OSSINING – While hundreds of eyes will be focused on the veterans marching in Ossining and Briarcliff Manor in today’s Memorial Day parades, the veterans in the parades say they will be focused on those who aren't marching today.

“All of our wars are fought on other people’s land and many don’t come back home,” said Tony D’Agostino, a 95-year-old Ossining veteran who served in World War II. “We know it happens but it’s really those people who have lost their loved ones who are really affected. It’s good when people come out to remember on Memorial Day but every veteran thinks about the ones who didn't come home every day.”

D’Agostino said he also will be proud to see residents showing their patriotism today.

“Patriotism means so much to me and I see it a lot in Ossining,” he said. “No other country has the same kind of freedoms we have. So Memorial Day is a very special day for us to remember the ones we have lost and remember what they were fighting for.”

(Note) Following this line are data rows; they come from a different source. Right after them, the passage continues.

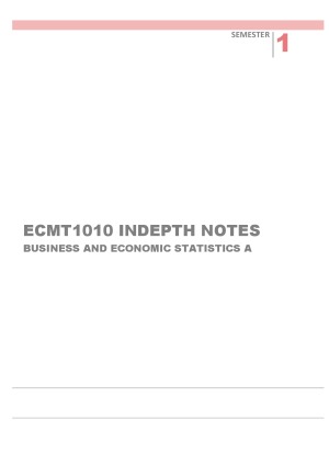 Neat, concise ECMT1010 notes that are organised by textbook outcomes. Very useful for content rules and summaries. Each page includes headings, subheadings, week numbers and page numbers. All outcomes are numbered correctly. Entire subject content is included - from both lectures and textbook material.
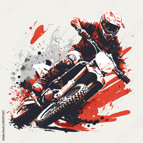 Motocross rider vector illustration with grunge brush background
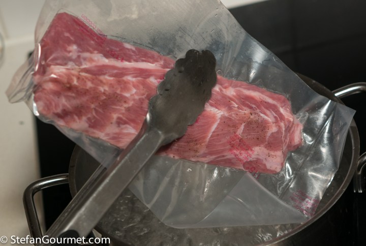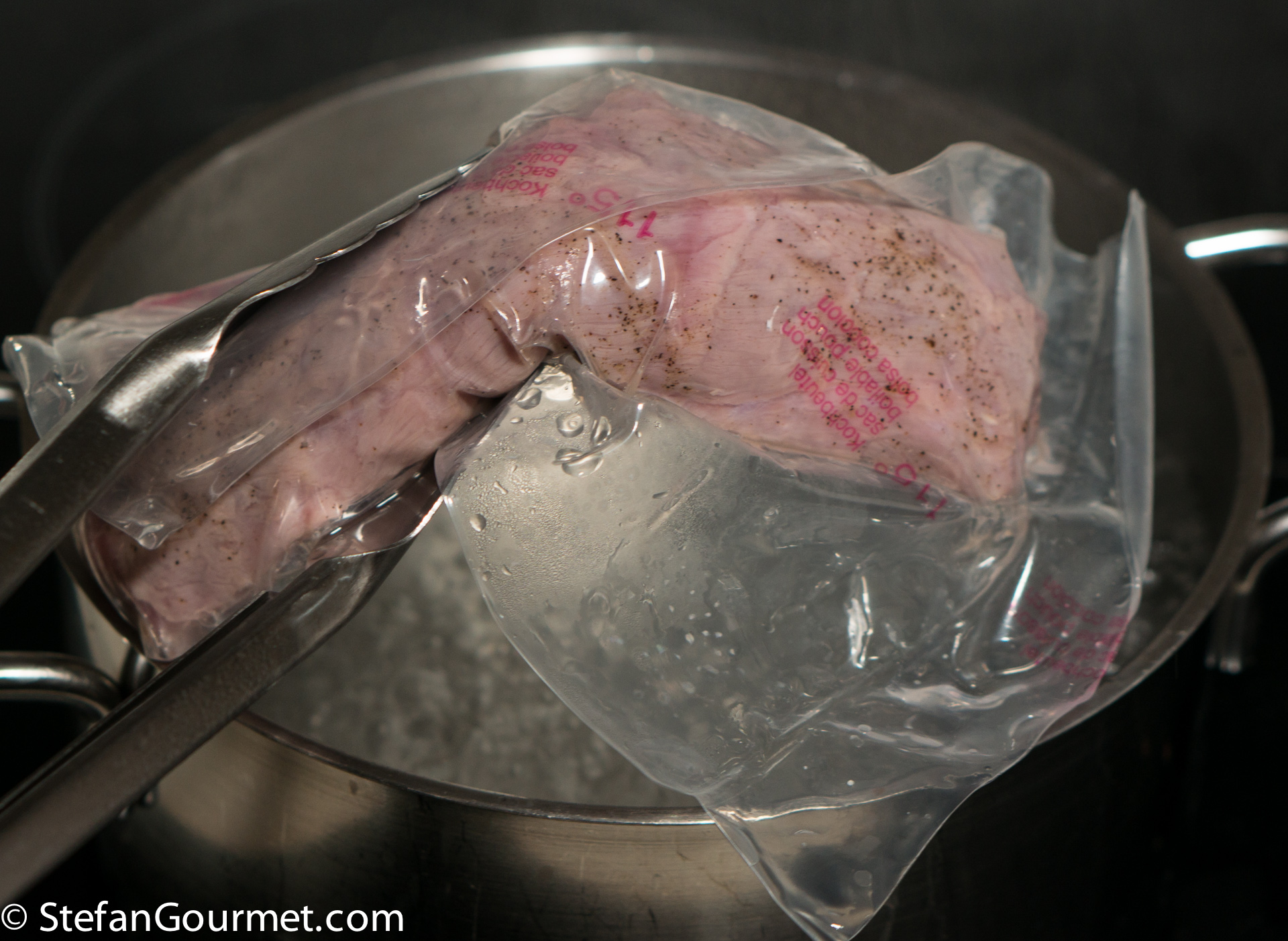 Season the lamb with salt and freshly ground black pepper, then vacuum seal. To prevent an unpleasant smell, it is important to scald the lamb for 10 to 20 seconds in hot or boiling water (at least 75C/180F).
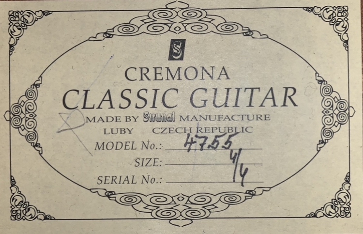 Гитара классическая Cremona 4755 Верхняя дека: Массив кедра Нижняя дека: Шпон махагони Обечайки: Шпон махагони Гриф: Махагони Накладка грифа: Палисандр Подставка: Палисандр Колки: Латунные Отделка: Высокий блеск или полуматовая Дополнительно: кант по корпусу махагони, нейлоновые струны
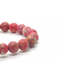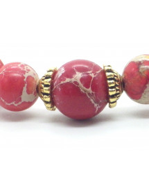 Magnífica creación artesanal presentada por ThurColas Création, se trata de una pulsera para mujer realizada con cuentas de jaspe imperial rojo natural (piedra semipreciosa) decorada con copas de metal dorado. Todo está montado sobre un hilo elástico de calidad. Estilo: Clásico, chic, Étnico, Bohemio Longitud: 19 cm Cuentas: 10 mm Materiales: jaspe imperial rojo (piedra semipreciosa), metal dorado Color: rojo, blanco Color del metal: Oro

Briarcliff Manor’s Stephen Smalley not only has family who have served in every American war since the American Revolution, he’s also the fourth of five consecutive generations that have served in the military. Smalley said he served in the Marine Corps as a helicopter pilot in the 1970s. Aside from his time overseas, he’s walked in the Ossining or Briarcliff Memorial Day parade since he was a kid. When he walks today, Smalley said he’ll not only be thinking about his family who served in the past, but his son serving overseas as a pilot in the U.S. Marine Corps.

“Even when I was a kid marching down the streets in the village of Ossining, I knew Memorial Day was a very special day,” Smalley said. “It’s about honoring those who have served and the fallen who have made the ultimate sacrifice for our country.”

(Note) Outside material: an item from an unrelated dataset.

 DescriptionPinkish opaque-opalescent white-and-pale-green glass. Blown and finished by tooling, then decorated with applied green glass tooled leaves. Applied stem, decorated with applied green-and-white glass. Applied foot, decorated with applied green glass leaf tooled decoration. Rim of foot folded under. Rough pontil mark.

While he walks, Smalley said the street names in Briarcliff Manor and the Village of Ossining also will remind him and the rest of the residents of the men who have given their lives for their country.

“We have Ganung Street and that’s named after Leroy Ganung, a distant cousin of mine who died during World War I,” Smalley said. “You can go down the streets in the town and the villages and you’ll see they’re named after people who have lost their lives in combat.”

Smalley said the idea of patriotism once was lost among the residents of Ossining and Briarcliff Manor.

“In the ‘50s, everyone in this area was patriotic. But then Vietnam happened and we forgot about the people serving and that patriotism was lost,” Smalley said. “But now the pendulum is swinging back the other way. What we’re seeing today is people serving are earning more respect and I think that’s very important. We should always remember those who have made that ultimate sacrifice.”